[[ Given data open ]]

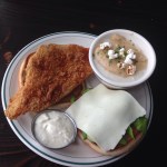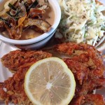 The fried catfish was IN-SANE-LY fresh and delicious. It was also very hot, and flaky, and crispy. It came on — what by now I think of as the “traditional” — trashy white bun, also with bread and butter pickles, and some nice tartar sauce on the side, where tartar sauce belongs. Five stars, Yo. On a five-star scale. The slice of ‘mer’can cheese on top was the coup de gras that delivered the final blow of deliciousness. I love American cheese. It just makes me feel damn proud to be an American, Y’all!
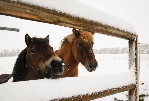 Two ponies peer out from their pasture as snow continues to fall in Cremona, Alta., Tuesday, Sept. 9, 2014. Environment Canada issued a snowfall warning for Calgary, and much of the rest of Southwestern AlbertaJeff McIntosh/The Canadian Press
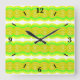 Horloge murale carré, décoration murale et décoration d'ameublement accessoire imprimé avec Green And Yellow Figure Eight Ribbon Motif rétro pop art ruban style bonbon design géométrique abstrait motif d'illustration originale par TheFabricSeal impression sur demande shop à Zazzle.com #ZazzleMade https://www.zazzle.com/store/thefabricseal TheFabricSeal ©️ Original. Cette horloge murale unique et de haute qualité est imprimée sur mesure avec un procédé AcryliPrint®HD et dispose d'un emplacement de pendage arrière préinstallé pour une pendaison facile et une conception non-tique. Art graphique numérique moderne et géométrique abstrait dessiné et imprimé artistiquement pour votre maison et accessoires de vie, décoration de maison, défilé de mode, accessoires électroniques modernes et tons de cadeaux donnant des idées. Ce dessin amusant et gai a été inspiré par l'aspect de bonbons durs ruban classique gâteries populaires pendant des siècles et des générations. Représentation de la nature à son point le plus frais du renouvellement de la verdure du printemps et de l'été. Belle palette de couleurs mélangée avec des verts et des jaunes, y compris le jaune citron, le beurre jaune crémeux, la limonade, la limeade, l'herbe citron, vert néon foncé, vert clair, vert électrique, chartreuse, tarte à la citron, soupe de pois fendu, guacamole, citron, gecko et vert algues, le tout recouvert d'un arrière - plan blanc cool.
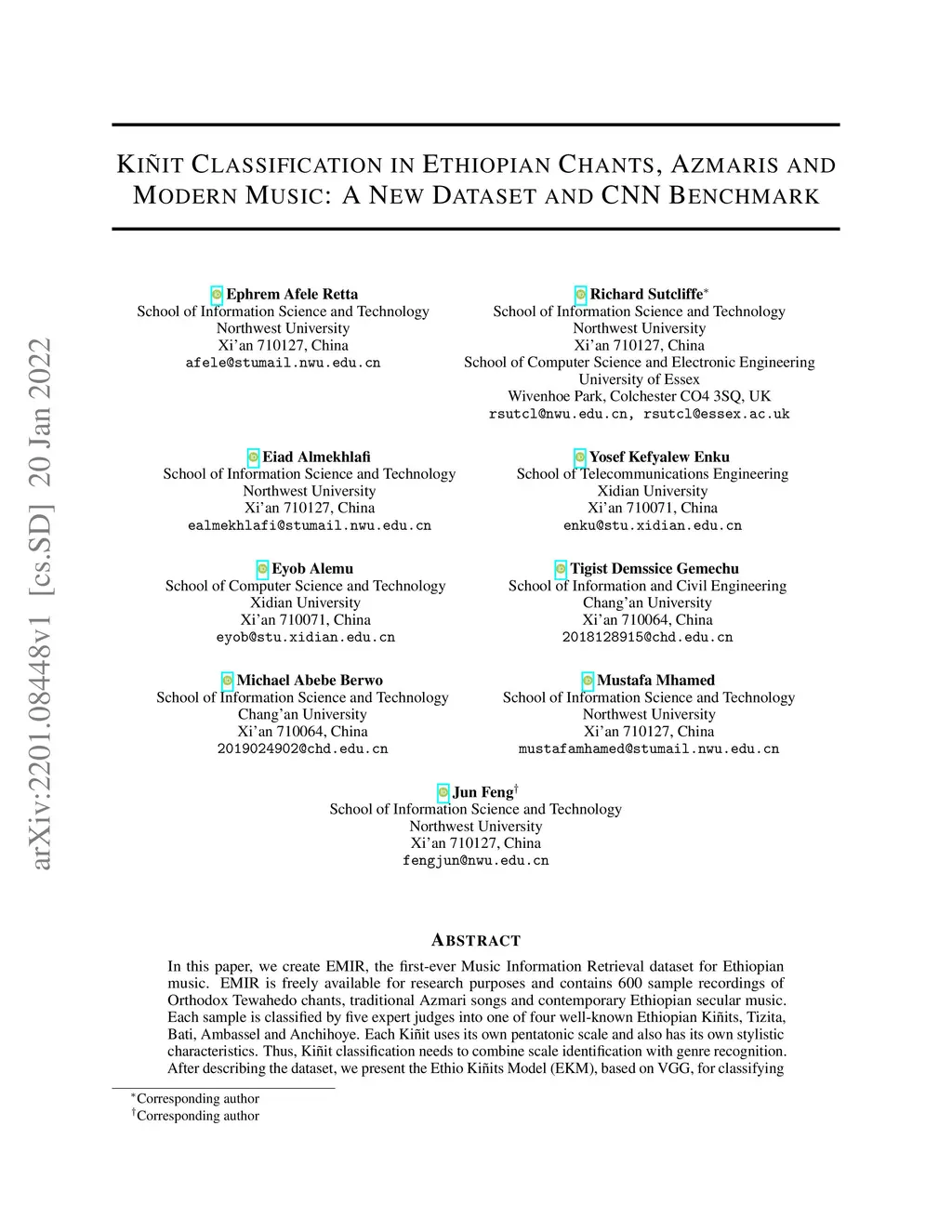 Kinit Classification in Ethiopian Chants, Azmaris and Modern Music: A

[[ Given data closed ]]

Print the listing exactly, pictures excluded.

 The fried catfish was IN-SANE-LY fresh and delicious. It was also very hot, and flaky, and crispy. It came on — what by now I think of as the “traditional” — trashy white bun, also with bread and butter pickles, and some nice tartar sauce on the side, where tartar sauce belongs. Five stars, Yo. On a five-star scale. The slice of ‘mer’can cheese on top was the coup de gras that delivered the final blow of deliciousness. I love American cheese. It just makes me feel damn proud to be an American, Y’all!
 Two ponies peer out from their pasture as snow continues to fall in Cremona, Alta., Tuesday, Sept. 9, 2014. Environment Canada issued a snowfall warning for Calgary, and much of the rest of Southwestern AlbertaJeff McIntosh/The Canadian Press
 Horloge murale carré, décoration murale et décoration d'ameublement accessoire imprimé avec Green And Yellow Figure Eight Ribbon Motif rétro pop art ruban style bonbon design géométrique abstrait motif d'illustration originale par TheFabricSeal impression sur demande shop à Zazzle.com #ZazzleMade https://www.zazzle.com/store/thefabricseal TheFabricSeal ©️ Original. Cette horloge murale unique et de haute qualité est imprimée sur mesure avec un procédé AcryliPrint®HD et dispose d'un emplacement de pendage arrière préinstallé pour une pendaison facile et une conception non-tique. Art graphique numérique moderne et géométrique abstrait dessiné et imprimé artistiquement pour votre maison et accessoires de vie, décoration de maison, défilé de mode, accessoires électroniques modernes et tons de cadeaux donnant des idées. Ce dessin amusant et gai a été inspiré par l'aspect de bonbons durs ruban classique gâteries populaires pendant des siècles et des générations. Représentation de la nature à son point le plus frais du renouvellement de la verdure du printemps et de l'été. Belle palette de couleurs mélangée avec des verts et des jaunes, y compris le jaune citron, le beurre jaune crémeux, la limonade, la limeade, l'herbe citron, vert néon foncé, vert clair, vert électrique, chartreuse, tarte à la citron, soupe de pois fendu, guacamole, citron, gecko et vert algues, le tout recouvert d'un arrière - plan blanc cool.
 Kinit Classification in Ethiopian Chants, Azmaris and Modern Music: A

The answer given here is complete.